▶ _THE DATA_:
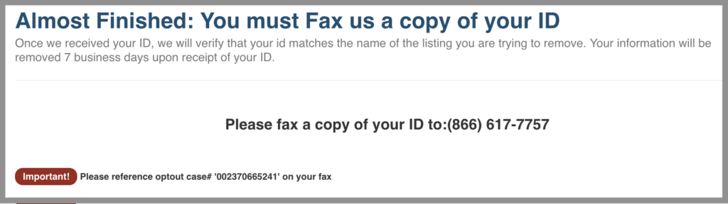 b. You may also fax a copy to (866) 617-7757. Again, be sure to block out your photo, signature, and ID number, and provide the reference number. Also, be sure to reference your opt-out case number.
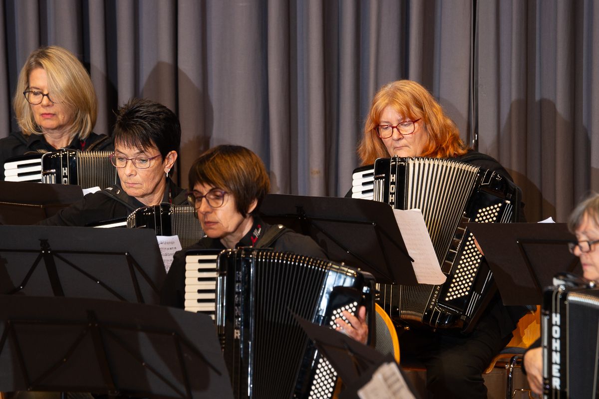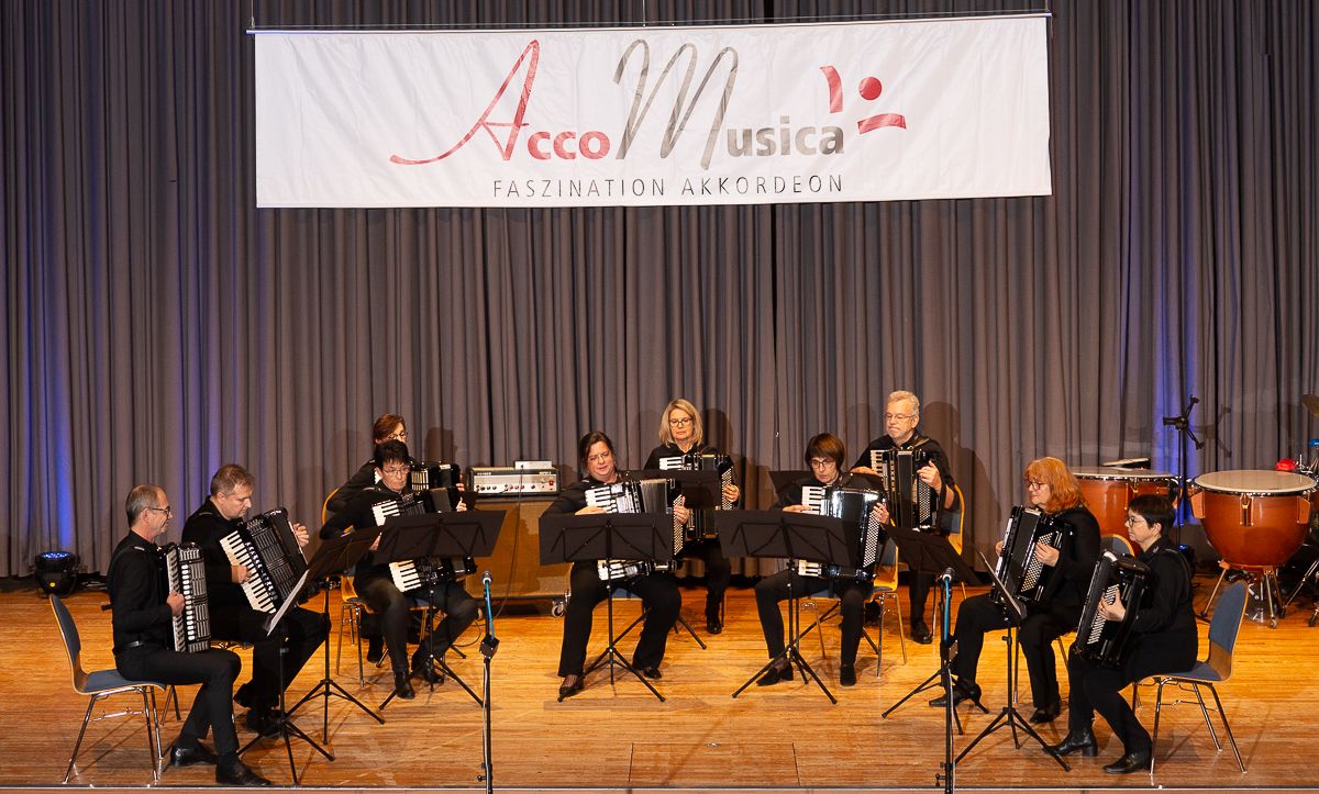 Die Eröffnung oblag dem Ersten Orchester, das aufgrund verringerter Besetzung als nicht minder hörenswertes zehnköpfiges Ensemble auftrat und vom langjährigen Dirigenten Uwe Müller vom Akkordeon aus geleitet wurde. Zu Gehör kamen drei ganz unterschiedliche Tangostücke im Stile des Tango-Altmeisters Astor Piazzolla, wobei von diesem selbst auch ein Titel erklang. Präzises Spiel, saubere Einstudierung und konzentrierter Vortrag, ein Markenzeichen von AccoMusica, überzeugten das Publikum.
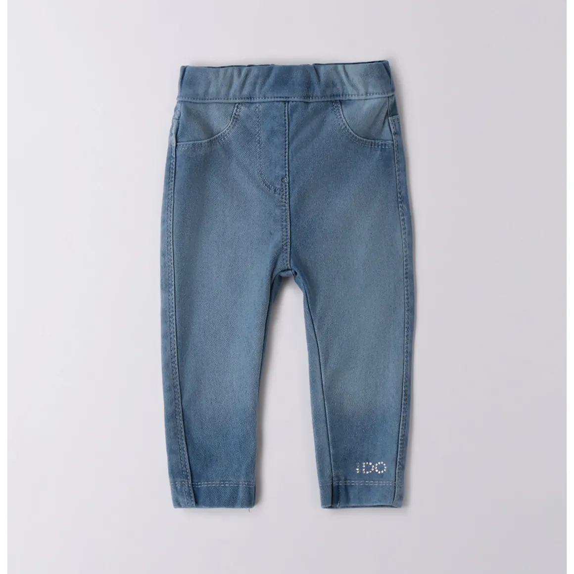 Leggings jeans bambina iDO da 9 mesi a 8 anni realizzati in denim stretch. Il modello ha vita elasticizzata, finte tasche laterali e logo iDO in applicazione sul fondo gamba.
==
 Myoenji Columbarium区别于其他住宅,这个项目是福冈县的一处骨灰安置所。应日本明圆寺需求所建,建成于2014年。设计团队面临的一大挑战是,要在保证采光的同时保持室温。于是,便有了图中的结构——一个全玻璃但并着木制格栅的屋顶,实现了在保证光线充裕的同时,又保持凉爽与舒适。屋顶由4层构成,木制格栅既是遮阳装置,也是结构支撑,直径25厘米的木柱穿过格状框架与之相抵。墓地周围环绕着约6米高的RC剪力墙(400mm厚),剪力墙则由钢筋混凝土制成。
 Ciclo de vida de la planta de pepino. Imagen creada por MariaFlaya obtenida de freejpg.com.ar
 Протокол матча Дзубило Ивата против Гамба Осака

▶ _WORK TO BE COMPLETED_:
Give again the stretch of lines above from the one with "b. You may also" through the one with "Leggings jeans bambina", both ends kept, and copy no pictures.

▶ _ANSWER SPACE_:
 b. You may also fax a copy to (866) 617-7757. Again, be sure to block out your photo, signature, and ID number, and provide the reference number. Also, be sure to reference your opt-out case number.
 Die Eröffnung oblag dem Ersten Orchester, das aufgrund verringerter Besetzung als nicht minder hörenswertes zehnköpfiges Ensemble auftrat und vom langjährigen Dirigenten Uwe Müller vom Akkordeon aus geleitet wurde. Zu Gehör kamen drei ganz unterschiedliche Tangostücke im Stile des Tango-Altmeisters Astor Piazzolla, wobei von diesem selbst auch ein Titel erklang. Präzises Spiel, saubere Einstudierung und konzentrierter Vortrag, ein Markenzeichen von AccoMusica, überzeugten das Publikum.
 Leggings jeans bambina iDO da 9 mesi a 8 anni realizzati in denim stretch. Il modello ha vita elasticizzata, finte tasche laterali e logo iDO in applicazione sul fondo gamba.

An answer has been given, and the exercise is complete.